A quiet man by nature, Bob enjoys relaxing in his apartment. But he does venture out to visit with neighbors and partake in some of Oakbridge’s many social activities. Bob goes to happy hour many nights. Although he never drinks, he enjoys listening to the music. Activities Director Sonya Gonzales is determined to get Bob to dance with her one of these days, but it hasn’t happened yet. She’ll keep trying. Making sure the residents have an enriching social life is her mission, and she loves every minute of it. “I have the best job. I get to make people laugh and have fun all day.”

Bob also enjoys Westerns and joins the group to watch Bonanza. Some days, he participates in other activities like popcorn movie nights, indoor golf tournaments, card games, bowling and dominoes.

Today’s activity is bean-bag toss (an adaptation of the popular game “corn-hole”). While eaiting for their turn, some in the group tap their toes to the beat of the old-time country music: Hank Williams Jr. and the Oakridge Boys. Bob doesn’t join in today. One of his buddies coaxes Bob to “come on over.” He smiles, wags his head and walks on by. He’s got more important business to attend to today.

Family Time

 
Bob with Jaydon, his 3 year-old great-grandson.
 

Bob’s got visitors. Pam has brought Bob’s great-grandson, Jaydon, for a visit. At age 3, Jaydon’s favorite game to play with his great-grandpa is ball.

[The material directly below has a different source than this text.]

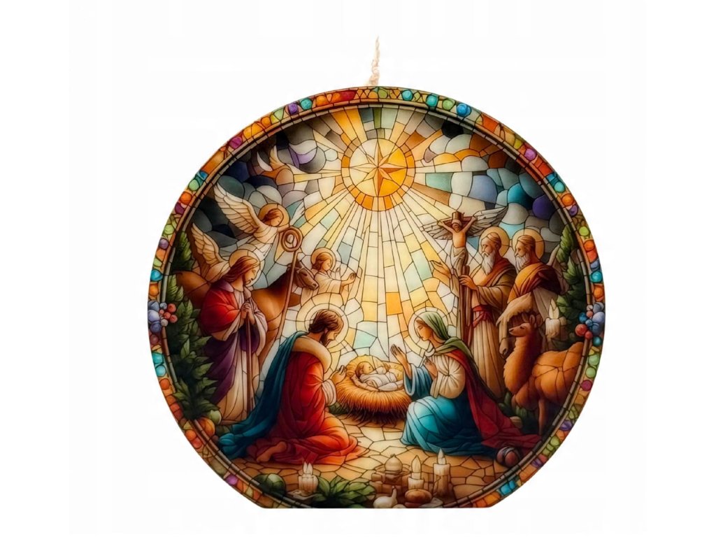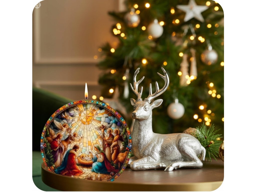 Táto luxusná vianočná sviečka prináša ikonickú scénu narodenia Ježiša – Svätú rodinu obklopenú anjelmi, pastiermi a žiarou betlehemskej hviezdy. Motív je spracovaný ako vitráž s jemnými tónmi a detailmi, ktoré pri svetle plameňa pôsobia mimoriadne pôsobivo a slávnostne.

Tossing a foam football, bouncing plastic balls – it doesn’t matter. As long as there is a ball involved, he’s content. Bob is happy to comply, a slight smile crossing his face as the wide-eyed boy squeaks, “Get ready to catch it!”

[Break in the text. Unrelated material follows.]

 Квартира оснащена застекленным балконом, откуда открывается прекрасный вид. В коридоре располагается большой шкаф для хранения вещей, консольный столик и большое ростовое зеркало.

Afterwards the three will head to the restaurant for lunch. Jaydon isn’t picky – his single focus right now is “I want juice please.” But the menu for grown-ups varies every day. Today, there’s a choice of Barbecue Chicken or Seafood Casserole with rice, roasted asparagus, a roll and frozen raspberry ice cream pie for dessert. These restaurant-quality selections are created by chefs and nutritionists.

 
A nature path outside Emeritus at Oakbridge gives Pam and dad Bob space to take a stroll.
 

After lunch, Pam takes her dad by the hand, with Jaydon in tow, and they walk back to Bob’s apartment, where they’ll spend some family time. When Bob moved in, they brought his favorite things from home: his parent’s antique wall clock that chimes every hour, his favorite slippers and hats, and his many family photos. Even though residents can bring furniture from home, Pam and Bob decided to buy new furnishings to provide a fresh start for his new home. A comfy couch and leather recliner in the living room face Bob’s TV and a picture window view of the nature area beyond. His new bedroom is complete with a pillow-top queen size bed. A refrigerator and microwave make for easy snacks anytime.

Losing the Guilt?

Now that Bob has settled in, has Pam been able to shed the caregiver guilt that she’s carried for so long? Not completely. The feeling still creeps in. She worries if her dad is happy and wonders if she visits enough. She drives by Oakbridge on her way to work every day, and feels guilty when she doesn’t have time to stop in. But she visits often – several times a week – and she makes those visits count. In the end, the remorse might never completely subside.

In the meantime, she’s found peace in knowing her father is content, safe and well-cared for. For this caregiver, she can’t ask for more than that. Assisted Living turned out to be the very best option for everyone involved. Especially Bob.